We are only allowed 15,000 calls per hour, so

240,000 calls / 15,000 calls/hr = 16 hours

It looks like the worst case time frame is 16 hours per day of constantly calling the broker API endpoint to get the candle data for every North American symbol. A trading day goes from 09:30 until 16:00 Toronto time – 6.5 hours of trading³. If we start the API call algorithm right at EOD, then 16:00 plus 16 hours means we would have all the previous day data by 08:00 the next morning. In theory with this approach, we will not have a data deficit. BUT, there will only be a scant 1.5 hours to perform technical analysis before placing the new day’s orders.

Stock API candle calls — Sample output of stock API candle calls

Single-threaded or multi-threaded?

Can we get away with a synchronous call algorithm? Let’s see.

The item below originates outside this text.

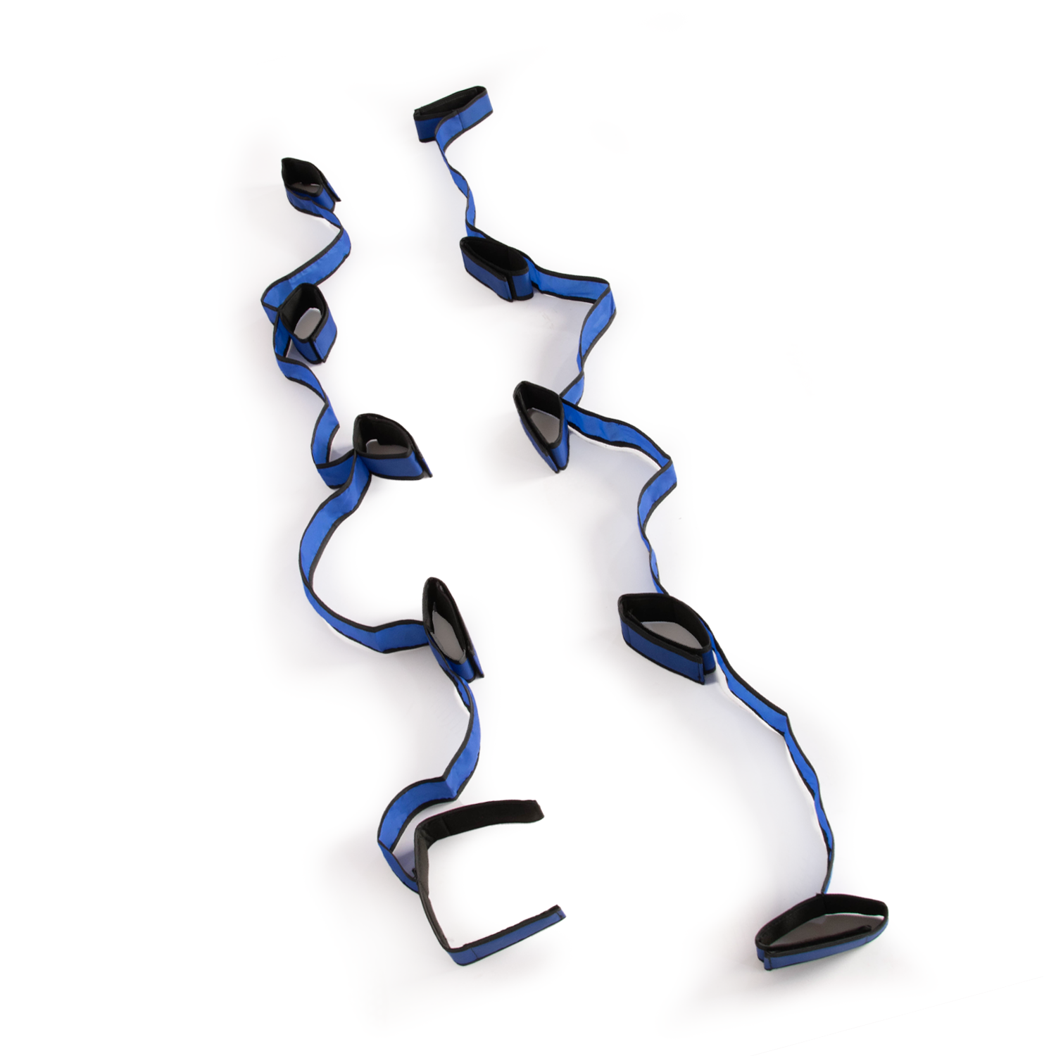 Die beiden Koordinationslaufbänder verbinden eine bis zu 5 Personen starke Gruppe miteinander. Die Klettverschlussbänder sind schnell angelegt und lassen sich auch ebenso schnell wieder lösen. Miteinander verbunden sein

15,000 calls/hr ≈ 4.16 calls/s ≈ 240 ms/call

For a single-threaded for-loop to succeed, each API call, including the overhead of DB storage, can take at most 240ms. I can tell you that this is an unreasonable assumption because:

A security with more trades⁴ has a bigger JSON payload which increases transit time
The broker’s servers go down for daily maintenance
There are weekly server problems
The downtime varies
The broker does not gzip their API responses⁵

From experience, some requests take over a second to process. The proposed algorithm must make asynchronous API calls.

Do we really need to make 240,000 API calls?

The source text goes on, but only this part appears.